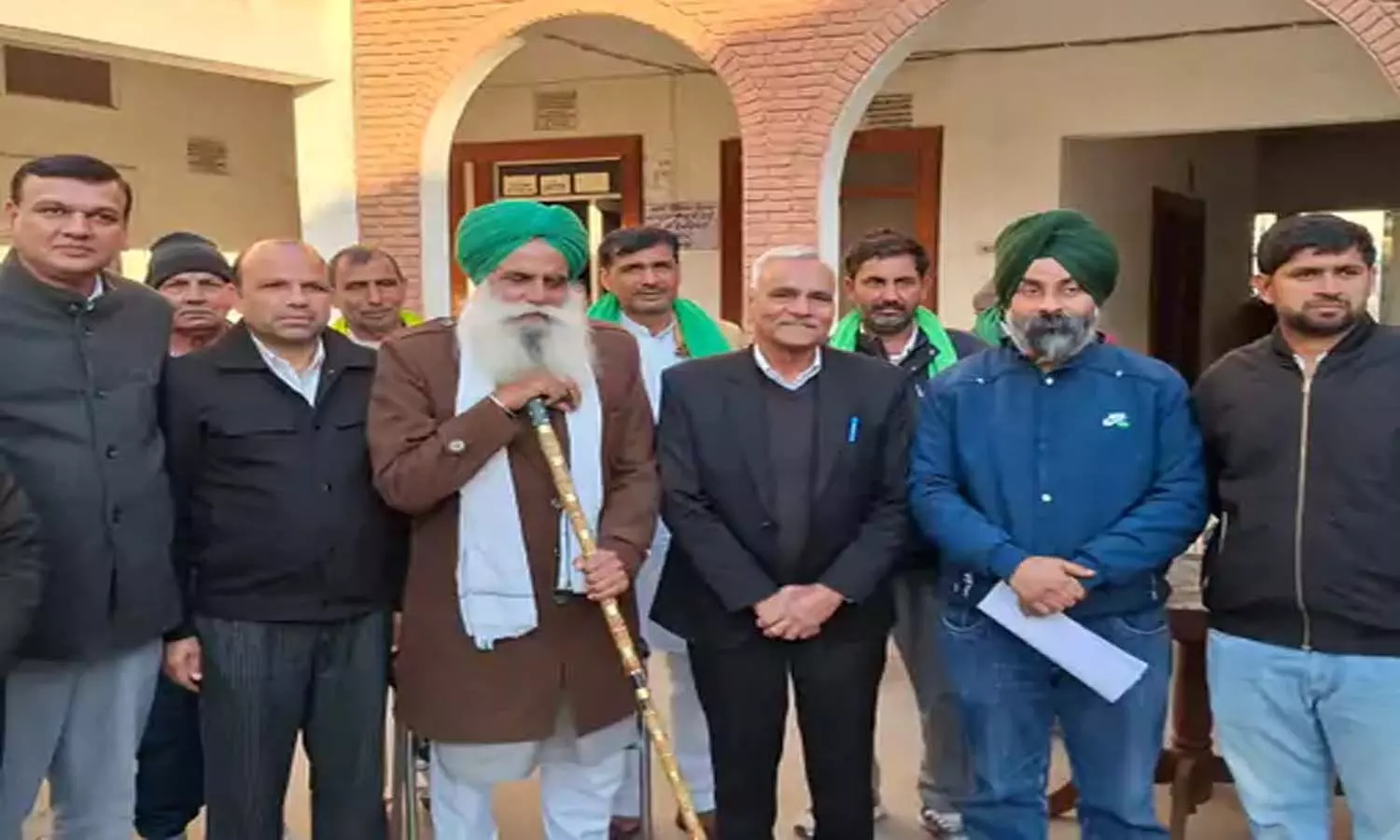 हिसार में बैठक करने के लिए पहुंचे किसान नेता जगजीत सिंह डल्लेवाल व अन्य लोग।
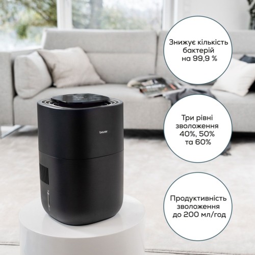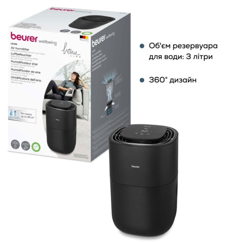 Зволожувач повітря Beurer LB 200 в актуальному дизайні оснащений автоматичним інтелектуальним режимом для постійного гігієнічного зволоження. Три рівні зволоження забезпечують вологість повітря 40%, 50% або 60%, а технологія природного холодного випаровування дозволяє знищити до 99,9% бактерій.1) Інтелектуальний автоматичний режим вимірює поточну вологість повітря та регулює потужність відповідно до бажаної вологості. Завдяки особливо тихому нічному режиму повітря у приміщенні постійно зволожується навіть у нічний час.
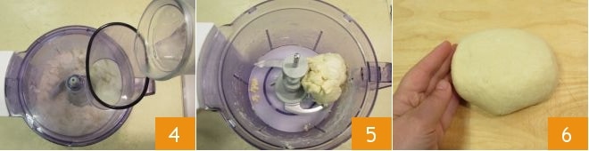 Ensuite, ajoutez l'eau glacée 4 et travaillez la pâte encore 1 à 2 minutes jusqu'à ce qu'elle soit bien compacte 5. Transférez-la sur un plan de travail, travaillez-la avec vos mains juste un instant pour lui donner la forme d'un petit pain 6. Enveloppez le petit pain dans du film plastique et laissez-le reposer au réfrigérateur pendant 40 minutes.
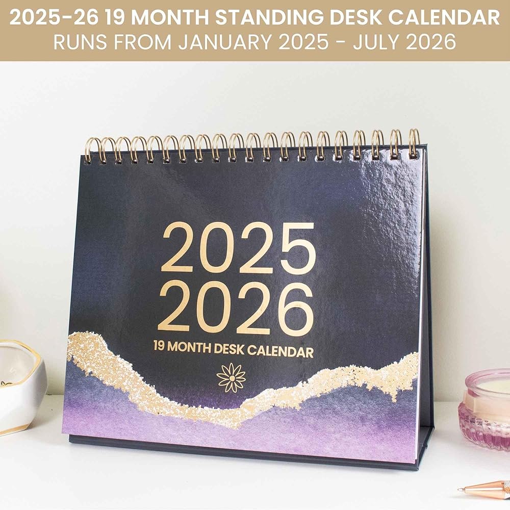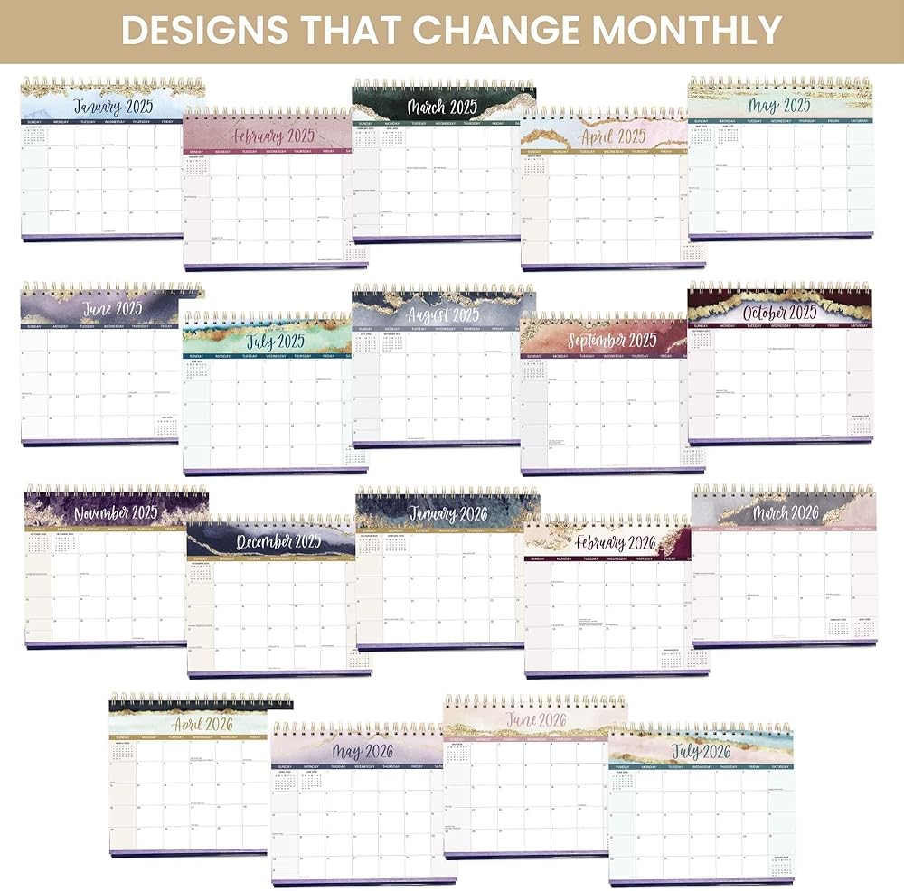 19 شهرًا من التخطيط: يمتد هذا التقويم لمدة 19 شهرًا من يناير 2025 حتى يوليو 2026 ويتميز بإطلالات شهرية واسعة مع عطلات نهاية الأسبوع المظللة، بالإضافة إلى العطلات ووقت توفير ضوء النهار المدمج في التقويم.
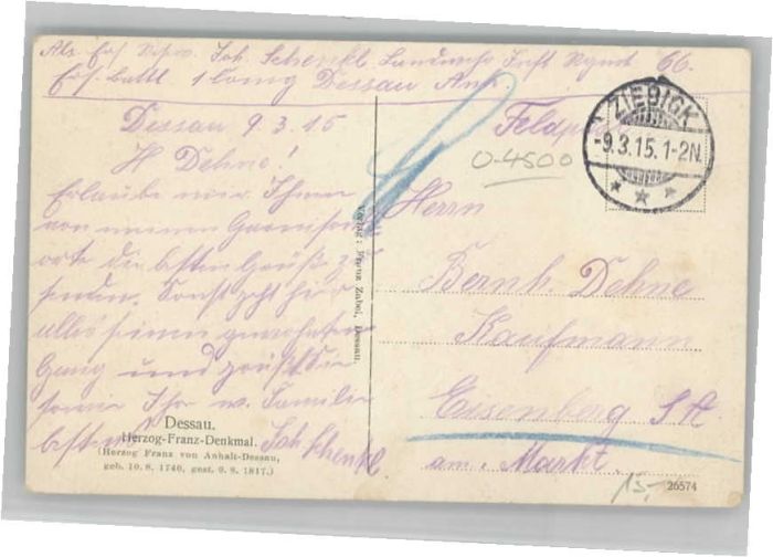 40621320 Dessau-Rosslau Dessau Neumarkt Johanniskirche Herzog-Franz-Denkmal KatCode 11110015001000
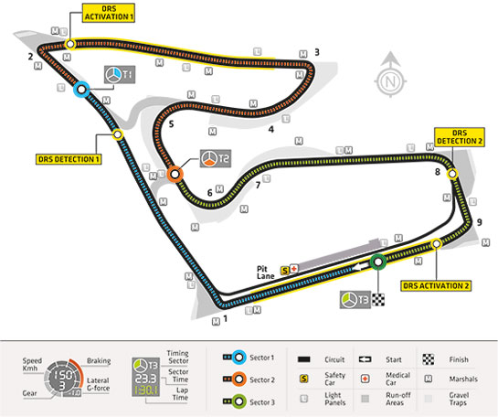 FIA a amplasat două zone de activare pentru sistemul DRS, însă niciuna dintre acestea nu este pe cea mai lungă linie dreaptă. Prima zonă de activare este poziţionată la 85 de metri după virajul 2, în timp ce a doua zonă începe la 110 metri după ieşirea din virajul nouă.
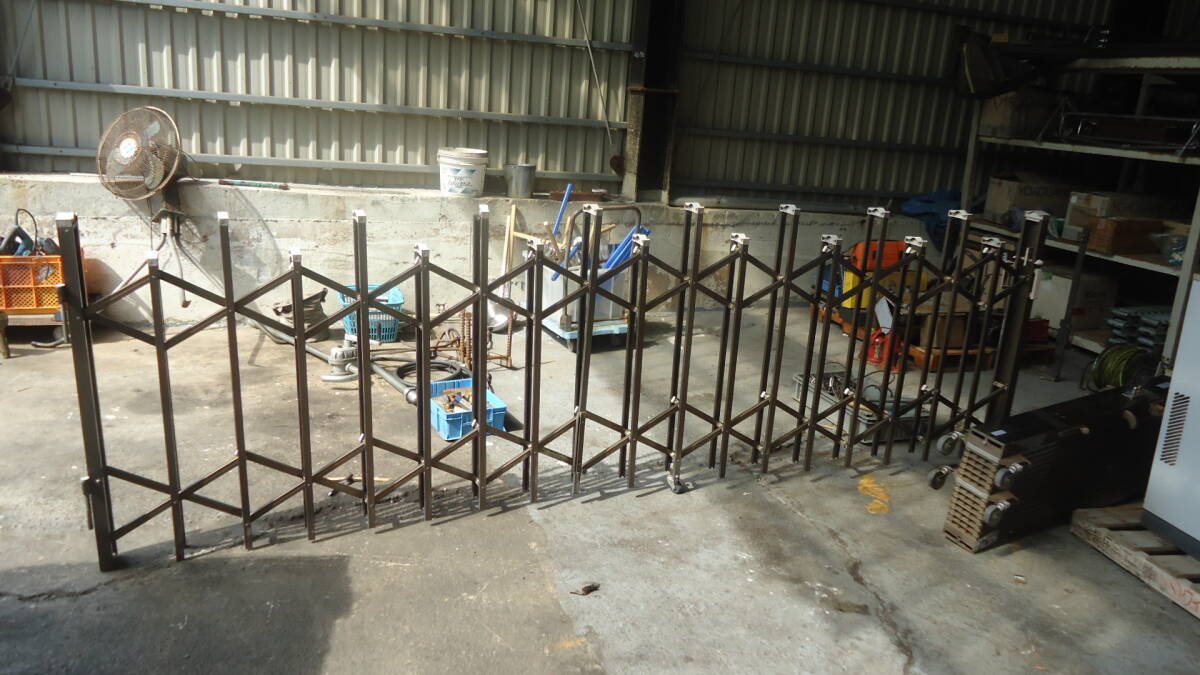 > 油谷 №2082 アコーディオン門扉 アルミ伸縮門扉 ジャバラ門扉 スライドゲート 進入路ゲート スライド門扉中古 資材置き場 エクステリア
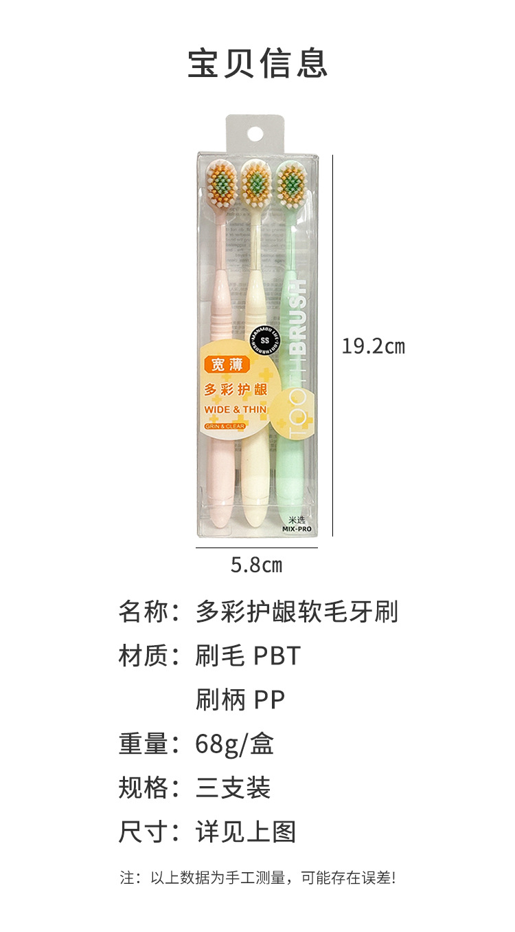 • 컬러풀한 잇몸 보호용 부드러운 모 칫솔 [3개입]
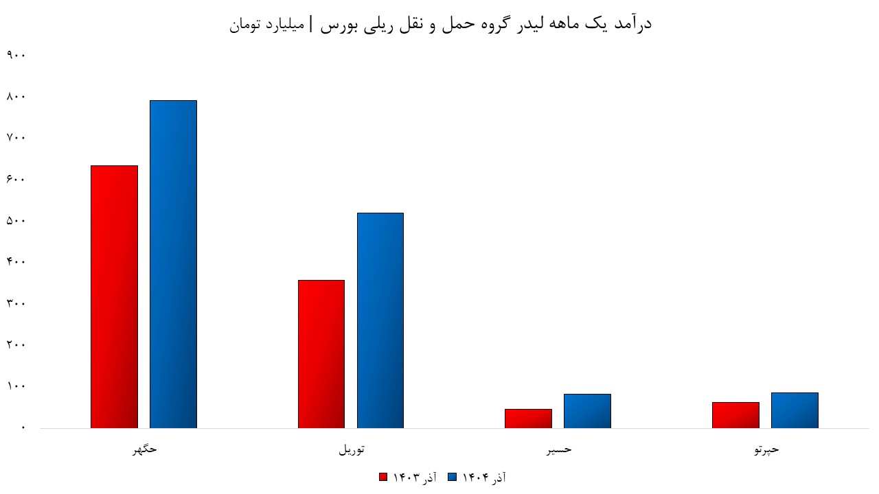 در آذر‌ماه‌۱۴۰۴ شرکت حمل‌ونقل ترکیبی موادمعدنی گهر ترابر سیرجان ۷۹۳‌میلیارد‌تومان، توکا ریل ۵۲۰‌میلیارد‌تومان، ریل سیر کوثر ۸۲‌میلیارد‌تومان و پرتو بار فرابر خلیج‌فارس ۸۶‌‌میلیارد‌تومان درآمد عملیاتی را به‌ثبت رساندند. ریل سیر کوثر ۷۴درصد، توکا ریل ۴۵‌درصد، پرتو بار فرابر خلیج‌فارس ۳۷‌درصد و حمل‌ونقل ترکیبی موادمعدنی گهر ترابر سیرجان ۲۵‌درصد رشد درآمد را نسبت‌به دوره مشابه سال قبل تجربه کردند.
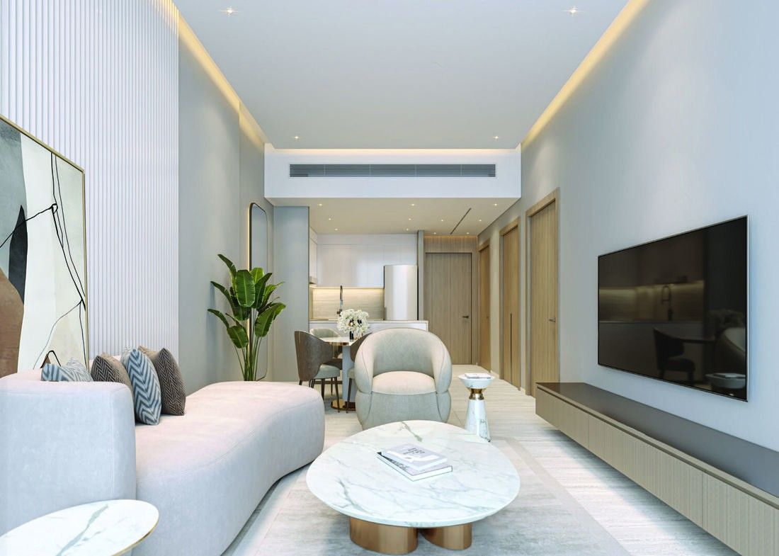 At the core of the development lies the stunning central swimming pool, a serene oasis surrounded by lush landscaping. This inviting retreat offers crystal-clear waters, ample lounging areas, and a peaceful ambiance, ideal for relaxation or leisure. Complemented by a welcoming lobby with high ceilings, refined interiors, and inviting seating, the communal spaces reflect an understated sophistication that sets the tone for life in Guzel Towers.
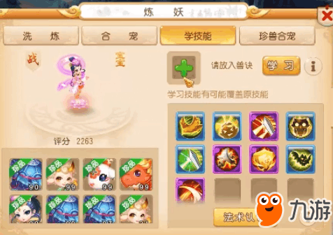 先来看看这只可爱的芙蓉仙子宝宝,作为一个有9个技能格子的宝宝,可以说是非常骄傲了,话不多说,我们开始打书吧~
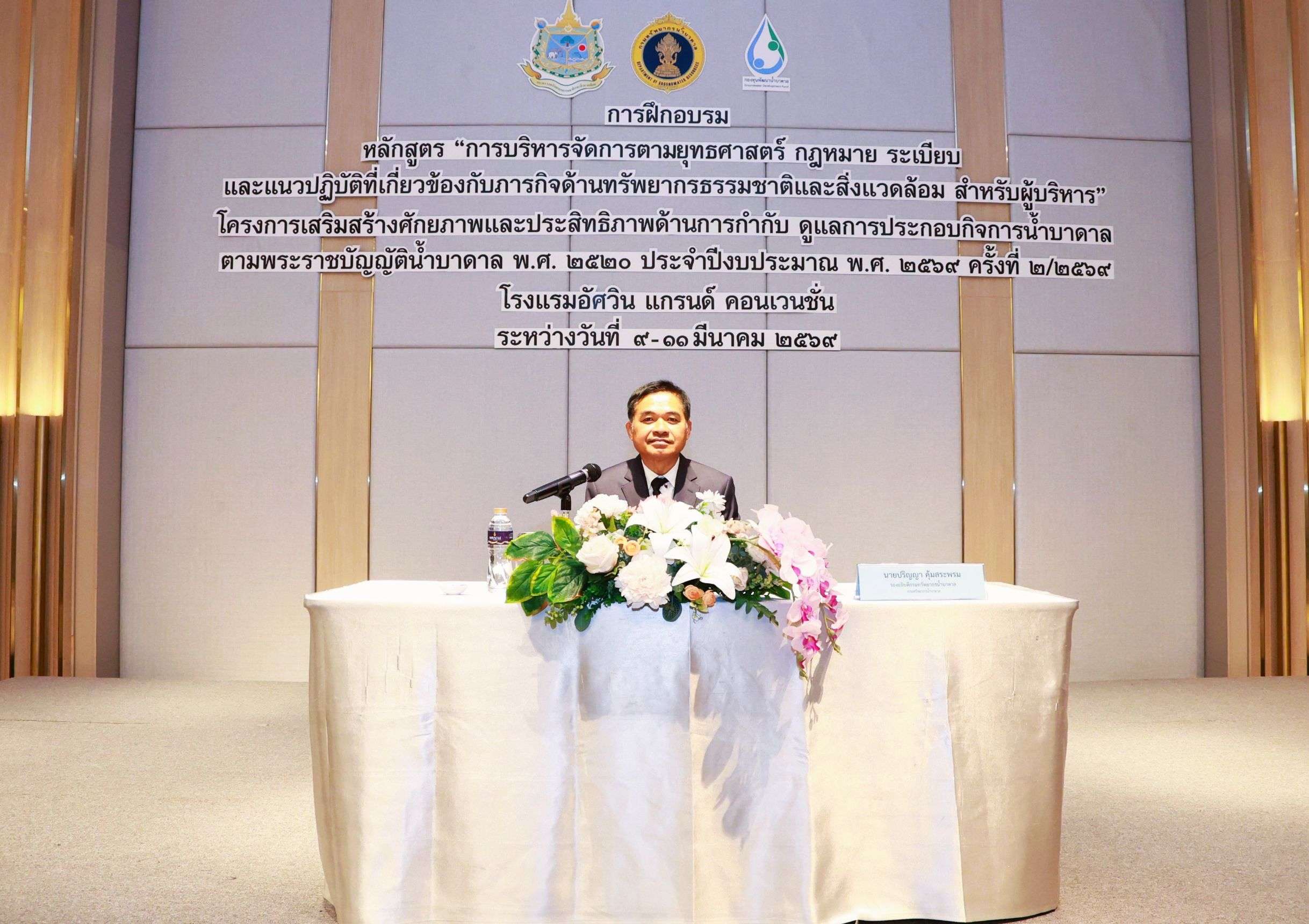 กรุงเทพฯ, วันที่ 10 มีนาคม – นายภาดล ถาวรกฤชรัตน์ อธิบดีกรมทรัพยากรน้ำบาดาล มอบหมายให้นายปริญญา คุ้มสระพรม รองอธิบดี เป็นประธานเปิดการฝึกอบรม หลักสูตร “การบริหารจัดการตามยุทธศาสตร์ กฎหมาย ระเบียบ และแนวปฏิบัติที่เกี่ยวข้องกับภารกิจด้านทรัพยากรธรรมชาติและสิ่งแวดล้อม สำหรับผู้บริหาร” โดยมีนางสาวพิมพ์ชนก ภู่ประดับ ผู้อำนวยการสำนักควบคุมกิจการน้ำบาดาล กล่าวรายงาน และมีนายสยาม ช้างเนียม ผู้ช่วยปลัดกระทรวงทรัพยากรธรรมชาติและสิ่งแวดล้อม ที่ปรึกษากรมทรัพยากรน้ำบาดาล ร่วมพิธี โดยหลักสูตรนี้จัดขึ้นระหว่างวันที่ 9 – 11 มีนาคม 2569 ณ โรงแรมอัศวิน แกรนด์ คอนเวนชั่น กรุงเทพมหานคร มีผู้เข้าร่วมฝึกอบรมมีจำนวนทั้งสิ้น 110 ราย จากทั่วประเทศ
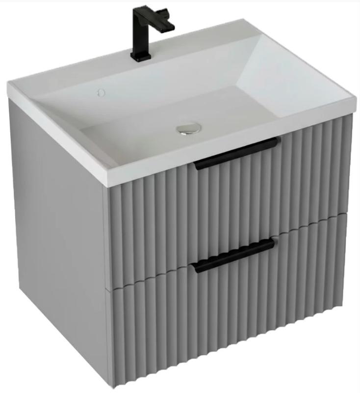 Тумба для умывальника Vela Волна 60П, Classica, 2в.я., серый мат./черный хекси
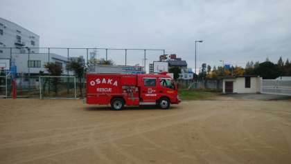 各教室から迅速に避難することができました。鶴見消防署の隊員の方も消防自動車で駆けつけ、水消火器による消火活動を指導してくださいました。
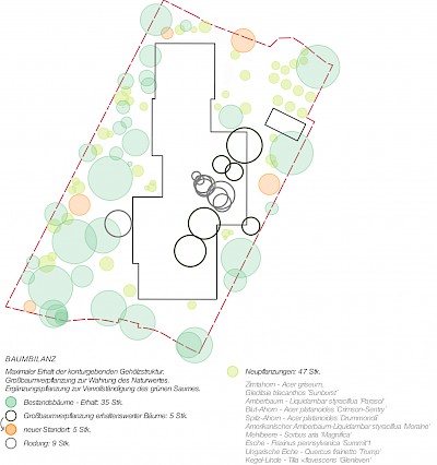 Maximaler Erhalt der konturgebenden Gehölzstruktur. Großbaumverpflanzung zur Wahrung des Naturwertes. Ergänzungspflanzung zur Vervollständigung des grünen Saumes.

— THE TASK —
Return only the lines running from the top of the data to the line that holds "スライド門扉中古 資材置き場 エクステリア". Include both of those lines, but skip the pictures.

— THE ANSWER —
 हिसार में बैठक करने के लिए पहुंचे किसान नेता जगजीत सिंह डल्लेवाल व अन्य लोग।
 Зволожувач повітря Beurer LB 200 в актуальному дизайні оснащений автоматичним інтелектуальним режимом для постійного гігієнічного зволоження. Три рівні зволоження забезпечують вологість повітря 40%, 50% або 60%, а технологія природного холодного випаровування дозволяє знищити до 99,9% бактерій.1) Інтелектуальний автоматичний режим вимірює поточну вологість повітря та регулює потужність відповідно до бажаної вологості. Завдяки особливо тихому нічному режиму повітря у приміщенні постійно зволожується навіть у нічний час.
 Ensuite, ajoutez l'eau glacée 4 et travaillez la pâte encore 1 à 2 minutes jusqu'à ce qu'elle soit bien compacte 5. Transférez-la sur un plan de travail, travaillez-la avec vos mains juste un instant pour lui donner la forme d'un petit pain 6. Enveloppez le petit pain dans du film plastique et laissez-le reposer au réfrigérateur pendant 40 minutes.
 19 شهرًا من التخطيط: يمتد هذا التقويم لمدة 19 شهرًا من يناير 2025 حتى يوليو 2026 ويتميز بإطلالات شهرية واسعة مع عطلات نهاية الأسبوع المظللة، بالإضافة إلى العطلات ووقت توفير ضوء النهار المدمج في التقويم.
 40621320 Dessau-Rosslau Dessau Neumarkt Johanniskirche Herzog-Franz-Denkmal KatCode 11110015001000
 FIA a amplasat două zone de activare pentru sistemul DRS, însă niciuna dintre acestea nu este pe cea mai lungă linie dreaptă. Prima zonă de activare este poziţionată la 85 de metri după virajul 2, în timp ce a doua zonă începe la 110 metri după ieşirea din virajul nouă.
 > 油谷 №2082 アコーディオン門扉 アルミ伸縮門扉 ジャバラ門扉 スライドゲート 進入路ゲート スライド門扉中古 資材置き場 エクステリア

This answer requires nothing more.